We can probably borrow some testcases from html5lib. Anne pointed me at the following files, all of which contain some doctype tokenizer tests:

Comment 16 Dave Hyatt 2008-02-19 15:44:52 PST
Created attachment 19216 [details]
Finish view source mode. Fix bugs in the inspector code.
Comment 17 Dave Hyatt 2008-02-19 18:24:05 PST
Comment on attachment 19216 [details]
Finish view source mode.
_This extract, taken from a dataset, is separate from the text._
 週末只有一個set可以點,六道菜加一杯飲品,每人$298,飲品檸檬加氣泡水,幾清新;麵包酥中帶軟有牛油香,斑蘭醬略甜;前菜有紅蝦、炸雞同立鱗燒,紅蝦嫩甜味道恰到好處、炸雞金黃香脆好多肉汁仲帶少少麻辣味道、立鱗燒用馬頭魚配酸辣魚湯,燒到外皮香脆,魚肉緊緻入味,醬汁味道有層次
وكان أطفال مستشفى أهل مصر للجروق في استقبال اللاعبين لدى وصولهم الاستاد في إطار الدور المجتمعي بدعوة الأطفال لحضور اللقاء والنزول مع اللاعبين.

Fix bugs in the inspector code.

Sam Weinig has written a test harness that tests a bunch of doctypes and makes sure the mode that is picked is correct.  

I will land his harness in the tree once it is ready (along with this patch).

Ready for comments again.
Comment 18 Dave Hyatt 2008-02-19 20:37:32 PST
Created attachment 19218 [details]
Patch that passes all of Sam's tests

This patch passes every single doctype rule contained in the HTML5 specification (Sam's tests cover all of them).
Comment 19 Dave Hyatt 2008-02-19 22:04:40 PST
Created attachment 19219 [details]
Work in progress

There are still many layout tests to fix.  I am having to change layout tests that have bugs in them (e.g., svg/dynamic-updates has a broken test harness that does document.firstChild instead of document.documentElement).
Comment 20 Dave Hyatt 2008-02-20 01:21:06 PST
Created attachment 19221 [details]
Ready for review.

This patch has been through the layout tests.  Many tests are changing results:

(1) DOM tests that failed are now passing and/or changing results slightly.
(2) about:blank is now properly in quirks mode instead of strict mode (affects every single test that uses about:blank)
(3) Positional dumping tests now change when a doctype is placed before the root element
(4) XSL transform results now have the correct mode

One major change I had to make is that the construction of the style selector is now delayed until a Document is attached.  Document construction time was too early, since the compat mode had not yet been initialized (the HTMLDocument is not even constructed yet in the base class constructor).
Comment 21 Adam Roben (:aroben) 2008-02-20 09:54:55 PST
Comment on attachment 19221 [details]
Ready for review.

+    String text = "<";
+    text += String::adopt(doctypeToken->m_source);
+    text += ">";
+    addText(text, "webkit-html-doctype");

This could be quite a bit more efficient like so:

Vector<UChar> buffer(doctypeToken->m_source.size() + 2);
buffer[0] = "<";
buffer.insert(1, doctypeToken->m_source);
buffer[buffer.size() - 1] = ">";
addText(String::adopt(buffer), "webkit-html-doctype");
Comment 22 Sam Weinig 2008-02-20 13:16:40 PST
Created attachment 19235 [details]
doctype tests
Comment 23 mitz 2008-02-20 13:29:05 PST
Comment on attachment 19235 [details]
doctype tests

+FAIL: the Doctype was Standards.  It was expected to be Quirks.  Doctype: <!-- comment --><!DOCTYPE html>

Is this expected?
Comment 24 Dave Hyatt 2008-02-20 13:37:35 PST
Comment on attachment 19235 [details]
doctype tests

Yeah that is a bug.  I will fix the test.
Comment 25 Dave Hyatt 2008-02-20 14:25:34 PST
Created attachment 19241 [details]
Final patch
Comment 26 Sam Weinig 2008-02-20 14:38:49 PST
Comment on attachment 19241 [details]
Final patch

Comment 27 Dave Hyatt 2008-02-20 14:49:35 PST
Fixed in r30431.

Comment 28 Lucas Forschler 2019-02-06 09:03:22 PST
Mass moving XML DOM bugs to the "DOM" Component.